[Your objective]
Each entry must come back word for word; drop the images as you go.

[Collected data entries]
---------------
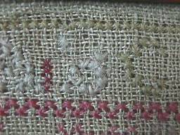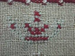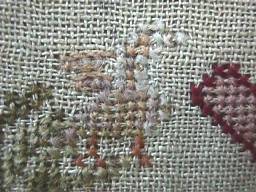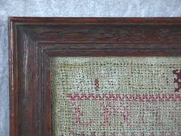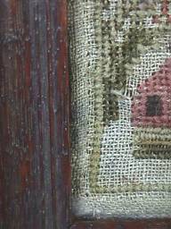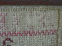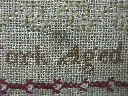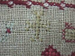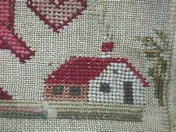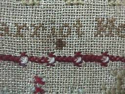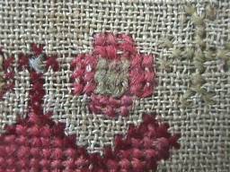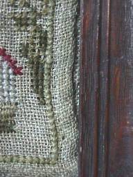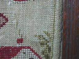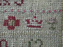 Minor stitch losses to letters of the alphabets and a couple of loose threads, illustrated.
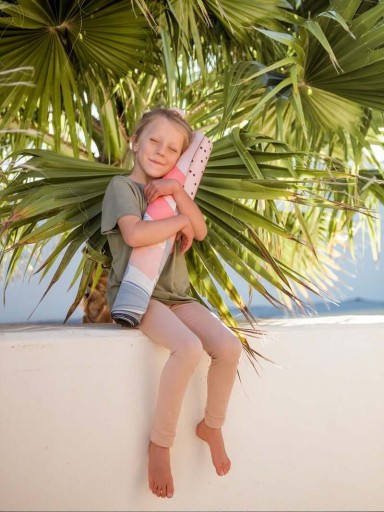 Mata do jogi i zabawy, zaprojektowana z myślą o małych joginach. Pobudza wyobraźnię małych odkrywców jednocześnie nie rozpraszając podczas praktyki. Wzór zaprojektowany jest tak, aby sprzyjał koncentracji podczas ćwiczeń.
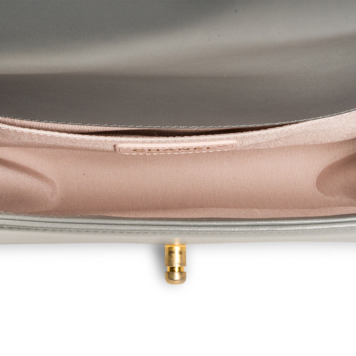 - Chanel embossed leather logo tag
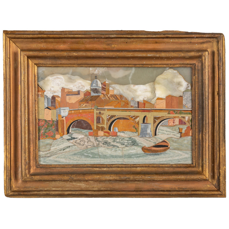 Paesaggio con ponte intarsio di marmi policromi sec.XIX
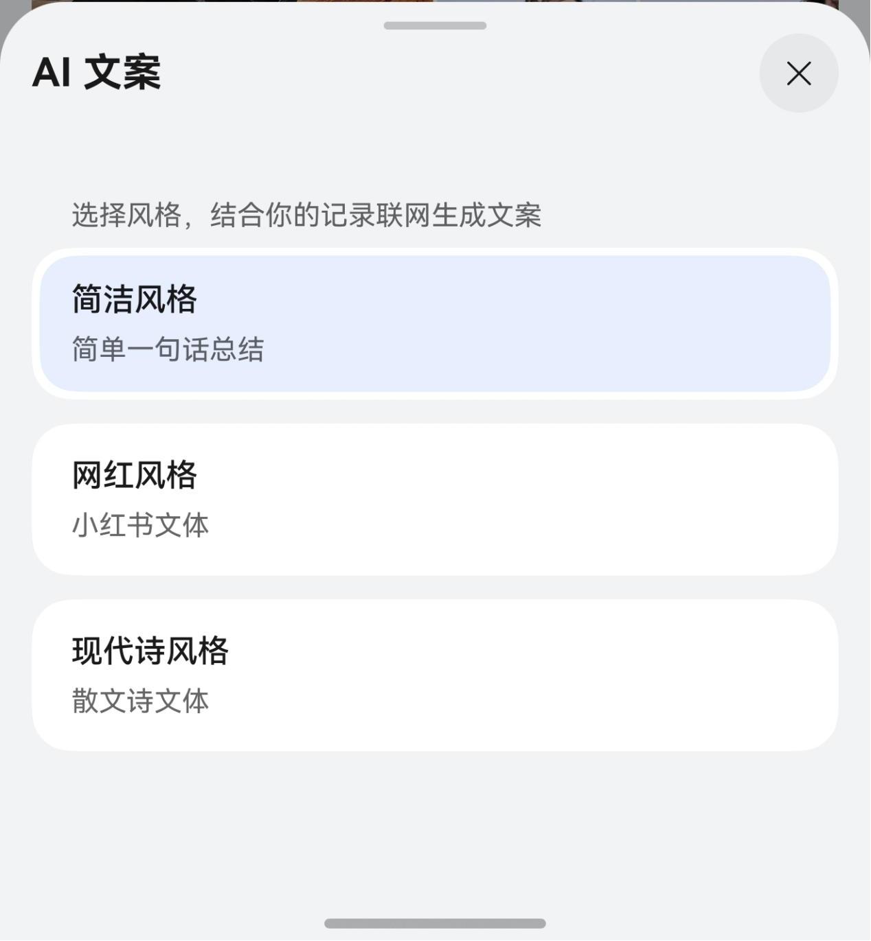 我试着点击“AI文案”功能,在“简洁风格”“网红风格”“现代诗风格”三个选项里,我选择了“现代诗风格”。几秒钟后,一段很有意境的文字便生成了,给这趟匆忙的商务旅途添了一丝文艺气息。
---------------
[Answer]
 Minor stitch losses to letters of the alphabets and a couple of loose threads, illustrated.
 Mata do jogi i zabawy, zaprojektowana z myślą o małych joginach. Pobudza wyobraźnię małych odkrywców jednocześnie nie rozpraszając podczas praktyki. Wzór zaprojektowany jest tak, aby sprzyjał koncentracji podczas ćwiczeń.
 - Chanel embossed leather logo tag
 Paesaggio con ponte intarsio di marmi policromi sec.XIX
 我试着点击“AI文案”功能,在“简洁风格”“网红风格”“现代诗风格”三个选项里,我选择了“现代诗风格”。几秒钟后,一段很有意境的文字便生成了,给这趟匆忙的商务旅途添了一丝文艺气息。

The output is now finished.